Re: [PATCH v3 2/2] exfat: EXFAT_IOC_GET_VALID_DATA ioctl
From: Darrick J. Wong
Date: Thu Mar 12 2026 - 11:16:24 EST
On Thu, Mar 12, 2026 at 02:57:04PM +0000, Matthew Wilcox wrote:
> On Thu, Mar 12, 2026 at 11:02:29PM +0900, David Timber wrote:
> > On 3/12/26 12:23, Matthew Wilcox wrote:
> > > We already have two interfaces for this on Linux. One is SEEK_HOLE /
> > > SEEK_DATA and the other is fiemap (Documentation/filesystems/fiemap.rst)
> > > Why are both of these interfaces unsuitable?
> > https://lore.kernel.org/linux-fsdevel/cf6c2b08-b7ff-4f70-95f4-cdb12ef5a666@xxxxxxxxxxxx/
> >
> > Because exFAT is not a sparse file system. The VDL is only a shorthand
> > for fast cluster allocation without writing actual data to them. In
> > other words, the range between the VDL and isize is not actually a hole.
> > The blocks in the range are actually allocated, filled with garbage data
> > on the disk. The kernel has to be careful not to return it to userspace,
> > which is something Linux kernel actually does.
>
> Uh, no it's not. If you try to read from the file at positions mapped
> to those blocks, Linux will return zeroes.
>
> You seem to be under the impression that SEEK_HOLE only finds blocks
> which have not been allocated. That's not the behaviour of any
> filesystem whch uses iomap. Look:
>
> static int iomap_seek_hole_iter(struct iomap_iter *iter,
> loff_t *hole_pos)
> {
> loff_t length = iomap_length(iter);
>
> switch (iter->iomap.type) {
> case IOMAP_UNWRITTEN:
> *hole_pos = mapping_seek_hole_data(iter->inode->i_mapping,
> iter->pos, iter->pos + length, SEEK_HOLE);
> if (*hole_pos == iter->pos + length)
> return iomap_iter_advance(iter, length);
> return 0;
> case IOMAP_HOLE:
> *hole_pos = iter->pos;
> return 0;
>
> Yes, if there's literally a hole, that counts as a hole, but what you're
> talking about is an unwritten extent.

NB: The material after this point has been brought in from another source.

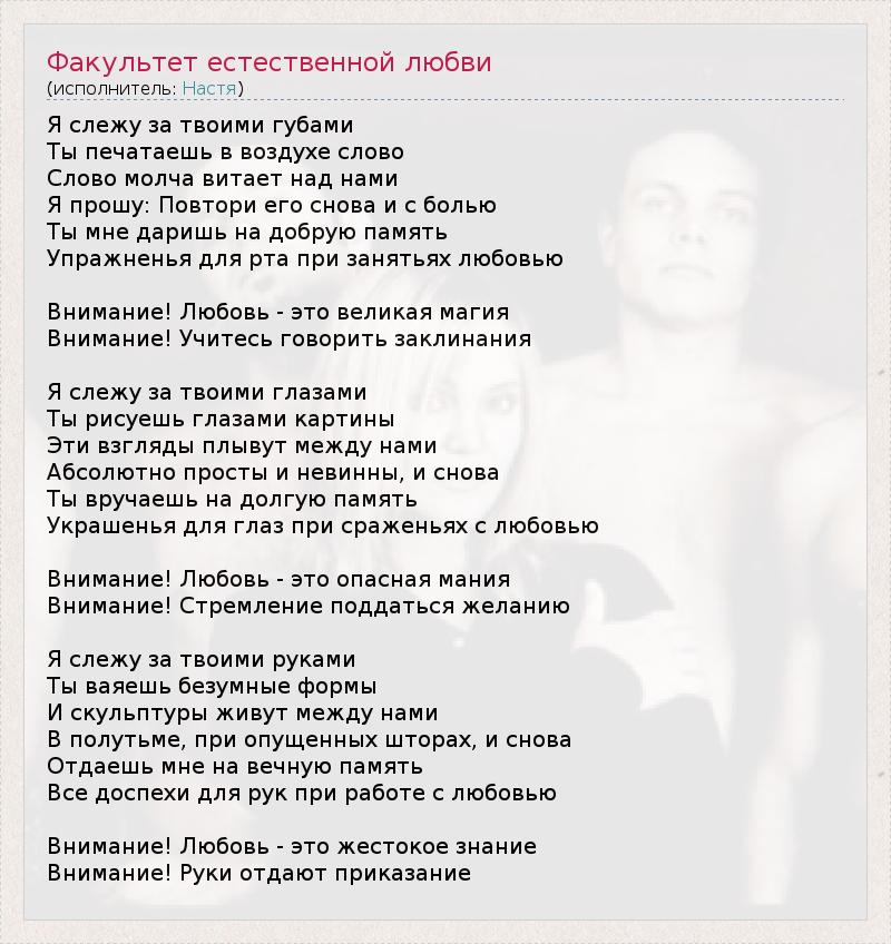Я слежу за твоими губами Ты печатаешь в воздухе слово Слово молча витает над нами Я прошу: Повтори его снова и с болью Ты мне даришь на добрую память Упражненья для рта при занятьях любовью Внимание! Любовь - это великая магия Внимание! Учитесь говорить заклинания Я слежу за твоими глазами Ты рисуешь глазами картины Эти взгляды плывут между нами Абсолютно просты и невинны, и снова Ты вручаешь на долгую память Украшенья для глаз при сраженьях с любовью Внимание! Любовь - это опасная мания Внимание! Стремление поддаться желанию Я слежу за твоими руками Ты ваяешь безумные формы И скульптуры живут между нами В полутьме, при опущенных шторах, и снова Отдаешь мне на вечную память Все доспехи для рук при работе с любовью Внимание! Любовь - это жестокое знание Внимание! Руки отдают приказание

And that counts as a hole
> *unless* we've written to the page cache covering the hole.
/me wonders if the problem here is that the "unwritten" post-VDL range
is worse than a regular unwritten range in the sense that you have to
write zeroes to all the space between the VDL and wherever your write()
starts, e.g. if the VDL is set to 1G and I pwrite a single byte at 8GB,
that turns into a 7-billion-x write amplification.

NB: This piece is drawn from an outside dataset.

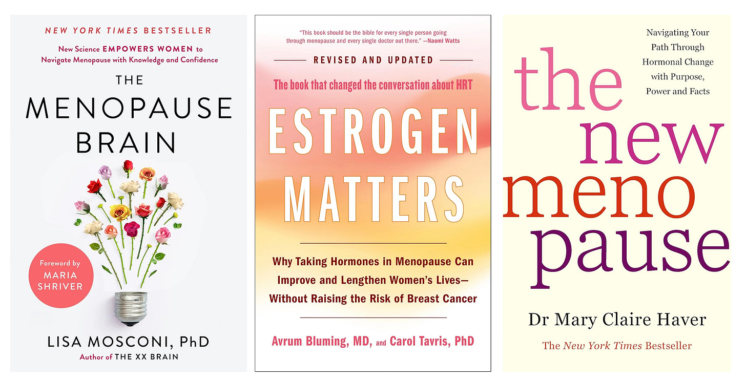 In Dr. Lisa Mosconi’s book The Menopause Brain data for estrogen’s protection of cognitive health, brain function, and reduction of brain fog are summarized. Similarly, in the 2024 revised edition of Estrogen Matters, by Drs. Avrum Bluming and Carol Tavris, the protective effects of estrogen for heart disease and cognitive decline are spotlighted (the subtitle sums it up well). A third book, The New Menopause, by Dr. Mary Claire Haver, reinforces these benefits.

OTOH its exfat so nobody's expecting it to be fast, so we could just
treat the post-vdl area as unwritten, as far as SEEK_HOLE is concerned.
Also FIEMAP is evil because (a) the filesystem can change/optimize
mappings in the background so the results can be obsolete by the time
the syscall returns and (b) it doesn't tell you about dirty pagecache
fronting unwritten areas.
--D